Znajdziesz obiekt klikając na współrzędne:

50.21447, 23.44961

Inskrypcja częściowo zniszczona, ale da się odczytać na górnej tablicy formułę modlitewną po przetłumaczeniu z Ukraińskiego: „Zbaw Panie lud Twój”. Dolna tablica obita, możliwe, że był tam utrwalony fundator i data. Krzyżyk wieńczący jest zniszczony, został tylko element belki pionowej krzyża, na którym umieszczony jest titulus. Być może pod ziemią znajdują się jego kawałki.

Krzyż został znaleziony w styczniu 2021 roku, dzięki namiarom od Kamila Pustelnika, który umieścił wcześniej swoje znalezisko w internecie, sugerując, że może to być krzyż z cmentarza. Jednakże obiekt posiada klasyczną formułę modlitewną na tablicy inskrypcyjnej, która nie występuje na krzyżach cmentarnych. Dzięki temu udało się znaleźć szesnasty kamienny krzyż w Dziewięcierzu, który wcześniej był praktycznie nieznany i nieudokumentowany. Przed wojną był tutaj przysiółek Dziewięcierza Łuch. Uszkodzenie krzyża nastąpiło przez bydło, które tam wypasano w czasie PRLu. Prawdopodobnie został postawiony po 1920 roku, co można wywnioskować po jego formie.

TUTAJ album ze zdjęciami

Horyniec-Zdrój 13

Miejsce: krzyż znajduje się w horynieckich lasach nieopodal Nowin Horynieckich. Najlepiej trafić tam, jadąc od Nowin Horynieckich w stronę Góry Brusno, leśną asfaltową drogą. Przed doliną Dublenu znajdziemy po prawej stronie drogi znak kierujący do krzyża.

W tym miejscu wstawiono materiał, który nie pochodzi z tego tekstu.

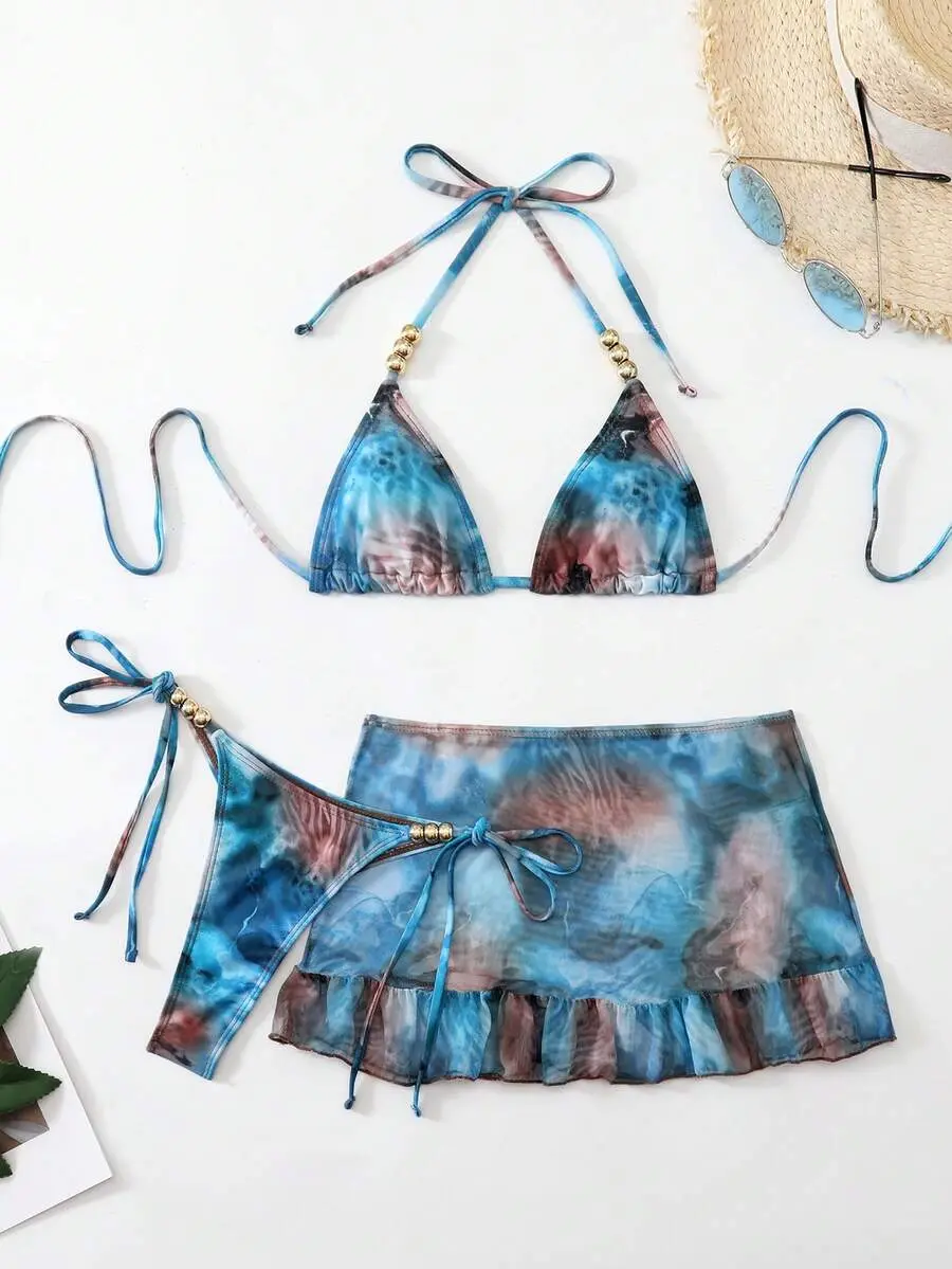 HIBOMARI 3pcs Set Tie-Dye Print Beaded Halter Top Swim Bottoms And Mini Skirt Bikini Set

Znajdziesz obiekt klikając na współrzędne:

50.23006, 23.38208

Inskrypcja: język niemiecki

TU SPOCZYWA
PODPORUCZNIK REZERWY 19. BAWARSKIEGO REZERWOWEGO PUŁKU [PIECHOTY]
ALFRED WITTMANN
Z KEMPTEN
POSIADACZ ŻELAZNEGO KRZYŻA I ORDERU ZA ZASŁUGI WOJSKOWE
POLEGŁY 20 CZERWCA 1915
TRZECI I OSTATNI Z NASZYCH SYNÓW, KTÓRZY WYRUSZYLI NA POLE BITWY.
JEGO BRACIA FRITZ I OSKAR POLEGLI WE FRANCJI W 1914

Opis:

20 czerwca 1915 roku, pułk w którym służył podporucznik Alfred Wittmann rozpoczął działania ofensywne w okolicy Horyńca i Nowin Horynieckich, gdzie były mocno obsadzone pozycje wroga. Rosjanie postanowili zasadzić się na wzgórzach, co powodowało, że trudno było zdobyć ich pozycje. Dowódcy austriaccy mając rozkaz przełamania linii obrony Rosjan, musieli podjąć ryzyko dużych strat. Natarcie takie polegało na powolnym przemieszczaniu się żołnierzy do przodu, pod ciągłym ostrzałem, często czołgając się i szukając jakiejś osłony przed ogniem przeciwnika. Czasami żołnierze podbiegali kawałek i rzucali się na ziemię, podczas gdy koledzy dawali ogień osłonowy. Porucznik Wittmann podczas takiego podbiegania został śmiertelnie raniony.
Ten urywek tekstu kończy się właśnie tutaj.